Extracted records
+ + + +
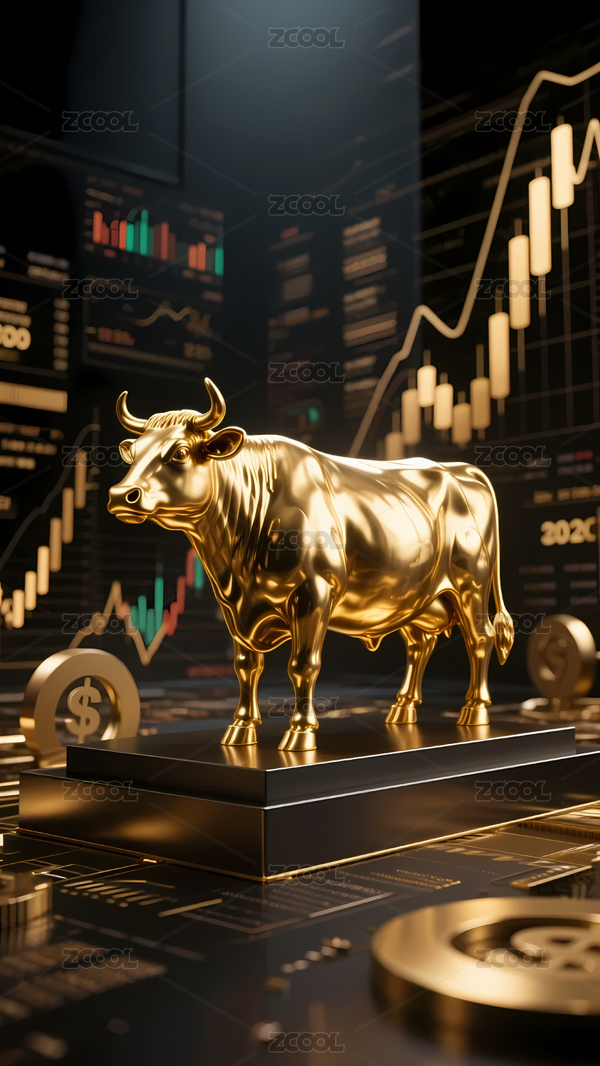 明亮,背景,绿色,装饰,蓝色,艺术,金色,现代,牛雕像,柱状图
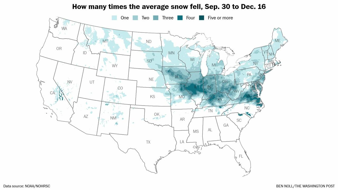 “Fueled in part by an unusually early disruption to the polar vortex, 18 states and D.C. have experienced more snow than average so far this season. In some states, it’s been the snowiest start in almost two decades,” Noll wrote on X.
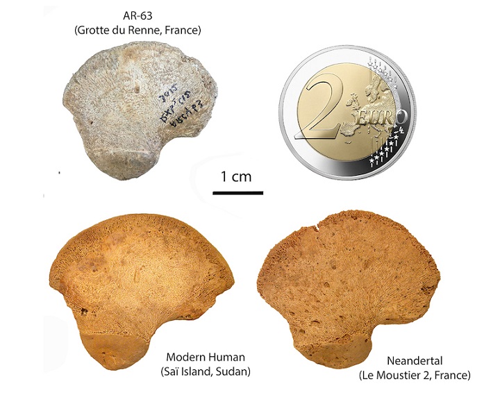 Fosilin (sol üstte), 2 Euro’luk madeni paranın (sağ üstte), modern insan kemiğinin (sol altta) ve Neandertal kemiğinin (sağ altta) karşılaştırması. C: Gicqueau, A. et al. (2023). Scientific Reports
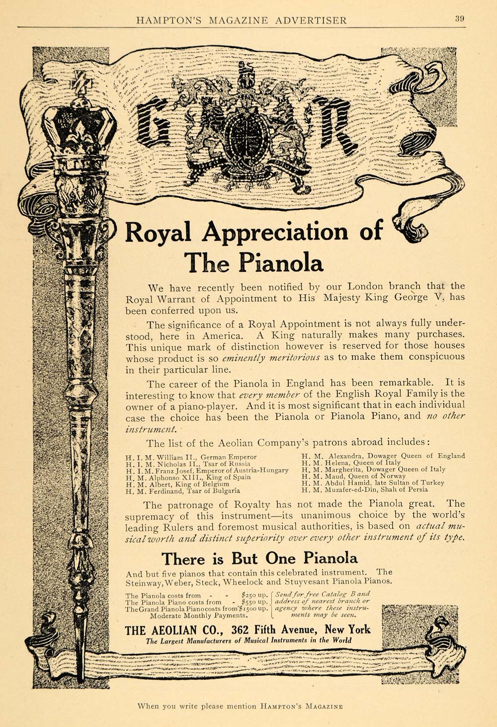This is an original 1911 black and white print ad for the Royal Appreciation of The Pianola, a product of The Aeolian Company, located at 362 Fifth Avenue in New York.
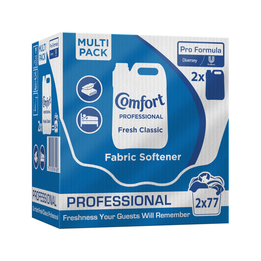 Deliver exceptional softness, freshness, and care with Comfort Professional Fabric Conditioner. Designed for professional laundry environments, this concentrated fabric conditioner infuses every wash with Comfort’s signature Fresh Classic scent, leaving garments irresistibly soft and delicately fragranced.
+ + + +
Nothing may be altered when you restate the records, but every picture must be dropped.

• Expected output:
 明亮,背景,绿色,装饰,蓝色,艺术,金色,现代,牛雕像,柱状图
 “Fueled in part by an unusually early disruption to the polar vortex, 18 states and D.C. have experienced more snow than average so far this season. In some states, it’s been the snowiest start in almost two decades,” Noll wrote on X.
 Fosilin (sol üstte), 2 Euro’luk madeni paranın (sağ üstte), modern insan kemiğinin (sol altta) ve Neandertal kemiğinin (sağ altta) karşılaştırması. C: Gicqueau, A. et al. (2023). Scientific Reports
This is an original 1911 black and white print ad for the Royal Appreciation of The Pianola, a product of The Aeolian Company, located at 362 Fifth Avenue in New York.
 Deliver exceptional softness, freshness, and care with Comfort Professional Fabric Conditioner. Designed for professional laundry environments, this concentrated fabric conditioner infuses every wash with Comfort’s signature Fresh Classic scent, leaving garments irresistibly soft and delicately fragranced.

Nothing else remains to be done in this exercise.